Immortalized normal epithelial cell lines were maintained, as follows; hTERT TIGKs, Dermal Cell Basal Medium and Keratinocyte Growth Kit (ATCC); HBEC3-KT, Airway Epithelial Cell Basal Medium and Bronchial Epithelial Cell Growth Kit (ATCC); hTERT-HME1, Mammary Epithelial Cell Basal Medium BulletKitTM without GA-1000 (Lonza); hTCEpi, KGMTM-2 BulletKitTM (Lonza); hTEC/SVTERT24-B, OptiPROTM SFM and GlutaMAXTM-I (Thermo Fisher Scientific Inc.); RPTEC/TERT1, DMEM/F-12 and hTERT Immortalized RPTEC Growth Kit with supplement A and B (ATCC); HCEC-1CT, DMEM / M199 (4:1, Thermo Fisher Scientific Inc.), 2 % Cosmic Calf Serum (Cytiva, Marlborough, MA), 20 ng/mL hEGF (Sigma-Aldrich Corp.), 10 μg/mL insulin (Sigma-Aldrich Corp.), 2 μg/mL apo-transferrin (Sigma-Aldrich Corp.), 5 nM sodium-selenite (Sigma-Aldrich Corp.), 1 μg/mL hydrocortisone (Sigma-Aldrich Corp.).
All cell lines were cultured at 37°C in a humidified atmosphere with 5% CO2 and 95% air.
2.3. Production of recombinant mAbs
To generate recombinant H2Mab-250 and H2Mab-119, their VH cDNAs and the CH cDNA of mouse IgG1 were cloned into the pCAG-Neo vector (FUJIFILM Wako Pure Chemical Corporation, Osaka, Japan). The VL cDNAs and CL cDNA of the mouse kappa light chain were also cloned into the pCAG-Ble vector (FUJIFILM Wako Pure Chemical Corporation). The vectors were transfected into ExpiCHO-S cells using the ExpiCHO Expression System (Thermo Fisher Scientific, Inc.), and Ab-Capcher (ProteNova, Kagawa, Japan) was used to purify the recombinant H2Mab-250 and H2Mab-119.

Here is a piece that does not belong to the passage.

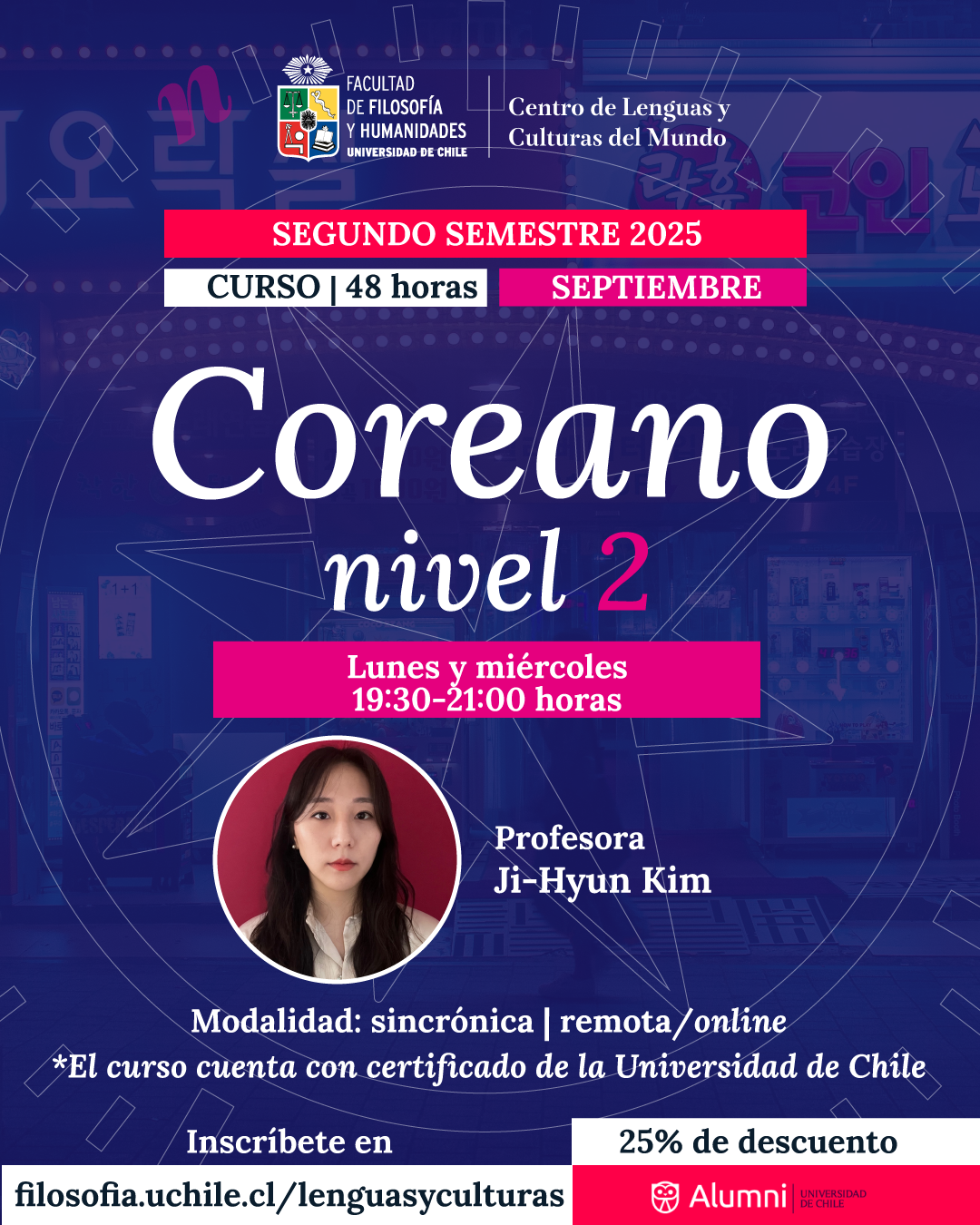 La profesora Jihyun Kim es licenciada en Lingüística y Literatura Inglesas por la Universidad de Chile, Licenciada en Enseñanza de Coreano como lengua extranjera con Certificación oficial de profesora de lengua coreana otorgado por el Gobierno coreano y Diplomada en formación para docentes coreanos por la Universidad Nacional de Seúl, Corea.

To generate mouse IgG2a-type H2Mab-250 (H2Mab-250-mG2a), we cloned the VH cDNA of H2Mab-250 and the CH of mouse IgG2a into the pCAG-Neo vector. The mouse kappa light chain vector of H2Mab-250 was described above. To produce the defucosylated form (H2Mab-250-mG2a-f), the vectors were transfected into BINDS-09 (fucosyltransferase 8-knockout ExpiCHO-S) cells using the ExpiCHO Expression System. H2Mab-250-mG2a-f was purified using Ab-Capcher.
2.4. Flow cytometry
Cells were collected using 0.25% trypsin and 1 mM ethylenediamine tetraacetic acid (EDTA; Nacalai Tesque, Inc.). The cells (1 × 105 cells/sample) were treated with mouse anti-HER2 mAbs (10 μg/mL), trastuzumab (10 μg/mL), NZ-1 (10 μg/mL), or blocking buffer [control; 0.1% bovine serum albumin (BSA) in phosphate-buffered saline (PBS)] for 30 min at 4˚C. Next, the cells were treated with Alexa Fluor 488-conjugated anti-mouse IgG (1:1,000; Cell Signaling Technology, Danvers, MA) for mouse anti-HER2 mAbs, Alexa Fluor 488-conjugated anti-human IgG (1:1,000; Sigma-Aldrich, Corp.) for trastuzumab, or Alexa Fluor 488-conjugated anti-rat IgG (1:1,000; Cell Signaling Technology) for NZ-1 for 30 min at 4˚C. The fluorescence data was collected using EC800 or SA3800 Cell Analyzer (Sony Corp), and the data were analyzed using FlowJo (BD Biosciences, Franklin Lakes, NJ).